• PROBLEM DESCRIPTION: Leaving out all pictures, write down exactly the lines from the one containing "从全国各区域销售情况来看,商" through the last line of the material.

• RECORDED INFORMATION:
________
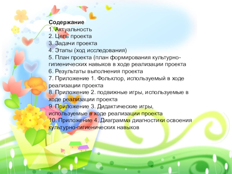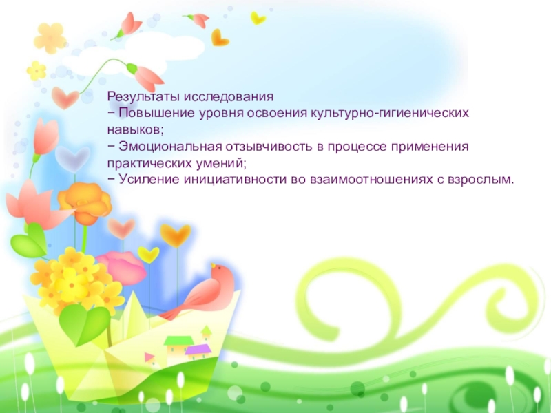 2. Определить эффективность проектной деятельности, уровень освоения детьми культурно-гигиенических навыков.
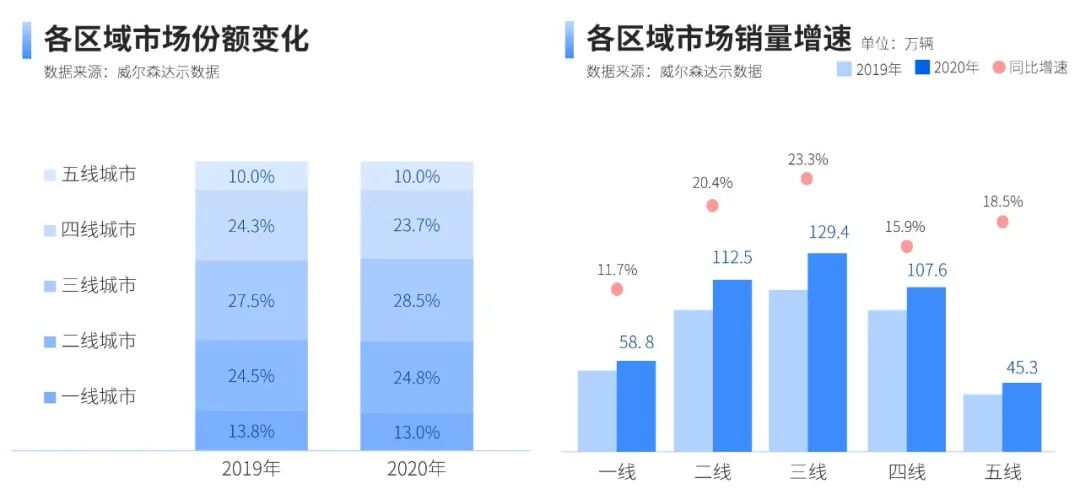 从全国各区域销售情况来看,商用车的销量集中在二三四线城市,其中三线城市的体量最大,2020年销量达129.4万辆,同比增加23.3%,占整体市场份额的28.5%;二线城市销量112.5万辆,同比增加20.4%市场份额为24.8%。
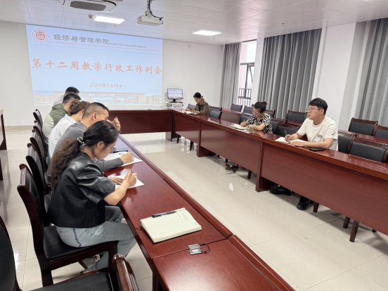 5月14日上午,太阳成集团122ccvip在行政楼725室召开第十二周行政工作例会,经理吴玲主持,经理助理张珊、叶赵强,及各教研室主任参会。
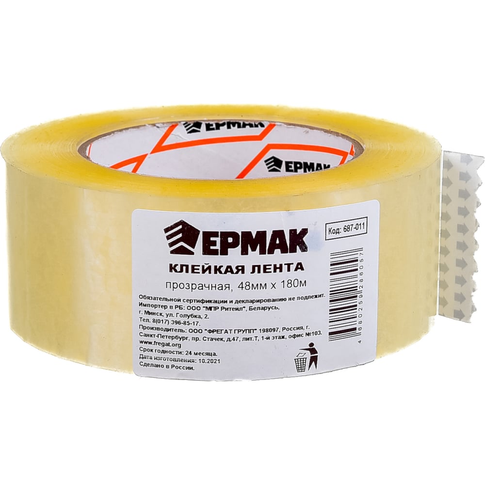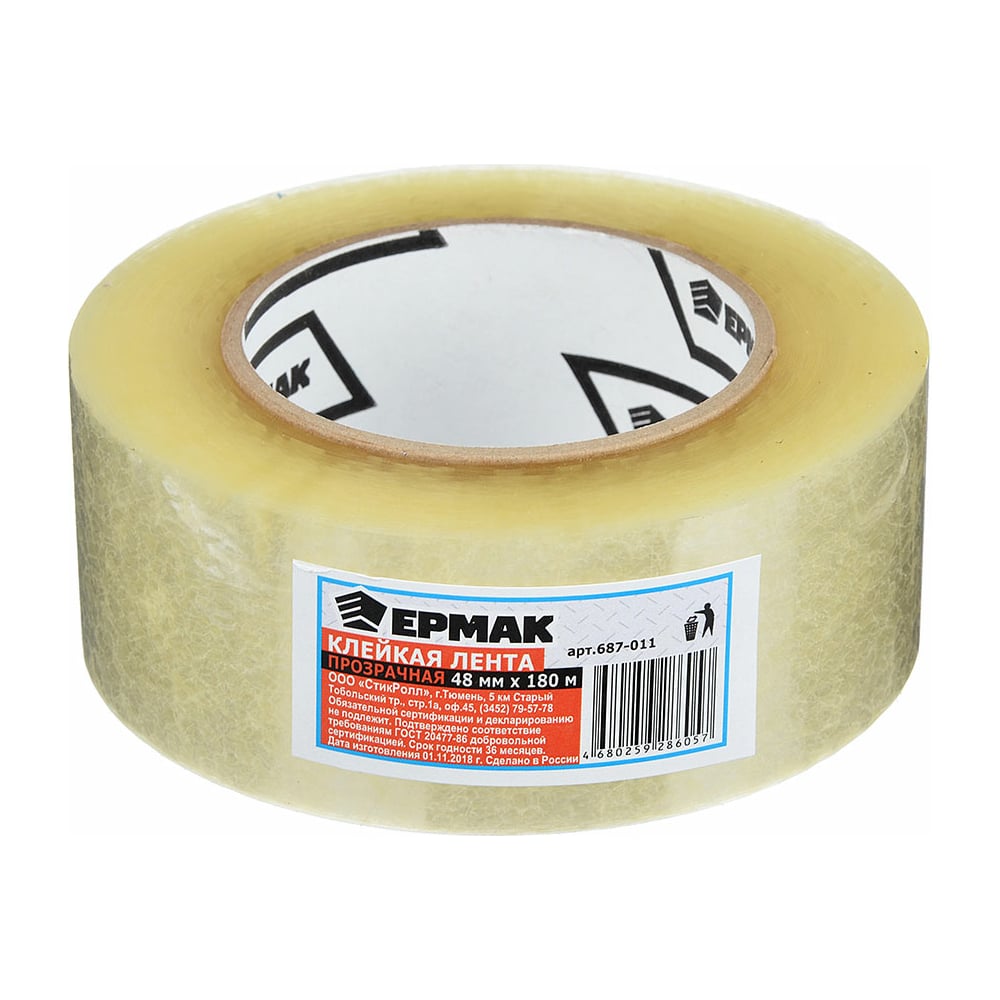 Клейкая лента ЕРМАК прозрачная, 48мм x 180м 687-011
________
• TASK SOLUTION:
 从全国各区域销售情况来看,商用车的销量集中在二三四线城市,其中三线城市的体量最大,2020年销量达129.4万辆,同比增加23.3%,占整体市场份额的28.5%;二线城市销量112.5万辆,同比增加20.4%市场份额为24.8%。
 5月14日上午,太阳成集团122ccvip在行政楼725室召开第十二周行政工作例会,经理吴玲主持,经理助理张珊、叶赵强,及各教研室主任参会。
 Клейкая лента ЕРМАК прозрачная, 48мм x 180м 687-011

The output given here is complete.